(photo credit: REUTERS)
Medical cannabis therapies can significantly cut chronic pain in patients over 65 years of age without adverse effects, according to researchers at Ben-Gurion University of the Negev and the Cannabis Clinical Research Institute at Soroka University Medical Center in Beersheba.
A new study, published in the European Journal of Internal Medicine, found that the therapeutic use of marijuana is safe and efficacious for elderly patients who need relief from chronic pain due to cancer, Parkinson’s disease, post-traumatic stress disorder, ulcerative colitis, Crohn’s disease, multiple sclerosis and other disorders.
“While older patients represent a large and growing population of medical cannabis users, few studies have addressed how it affects this particular group, which also suffers from dementia, frequent falls, mobility problems, and hearing and visual impairments,” said internal medicine Prof. Victor Novack of BGU’s Faculty of Health Sciences and head of the Soroka Clinical Research Center.
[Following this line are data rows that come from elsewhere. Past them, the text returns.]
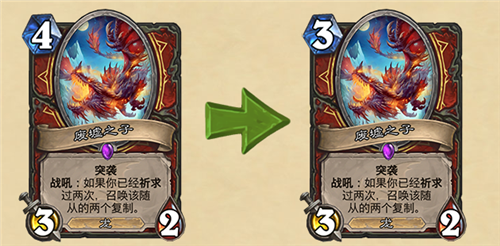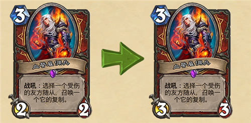 舊:2點攻擊力,2點生命值。→ 新:3點攻擊力,3點生命值。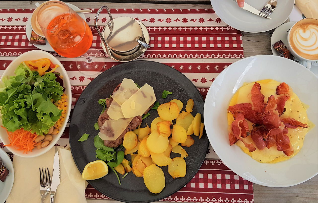 더욱더 감동적인 것은 옆에 있던 레스토랑이었다. 음식의 맛은 중요치 않아 보였다. 이런 풍경을 보면서 식사를 할 수 있다니. 화보 같은 스위스 알프스의 레스토랑이 부럽지 않다. 우리도 아마 각잡고 사진 찍으면 그런 사진 찍을 수도 있을 것 같다. (자리가 좀 안쪽이어서 아쉬웠지만.)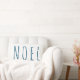Blauw Wit Sierkussen met kerstmis maakt een geweldig vakantiehuisdeeg voor de trendy blauwe kerst. Witte lumbale kussen met "noel" in blauw aan de voorzijde. Voeg toe aan een stoel of bank boven op je decor.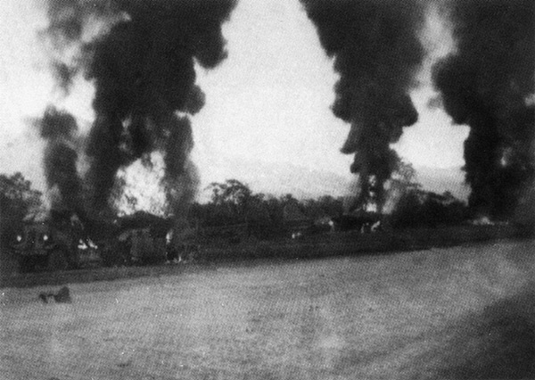 In the foreground is a taxiway made of marston matting (PSP). Beyond is equipment burning after the air raid including (left) a truck and (center)

“After monitoring patients 65 and older for six months, we found medical cannabis treatment significantly relieves pain and improves quality of life for seniors with minimal side effects reported,” he said.
This older population represents a growing segment of medical cannabis users, ranging from approximately 7% to more than 33%, depending on the country. Recent polls indicate Americans over 65 represent 14% of the total population and use more than 30% of all prescription drugs, including highly addictive painkillers called opioids.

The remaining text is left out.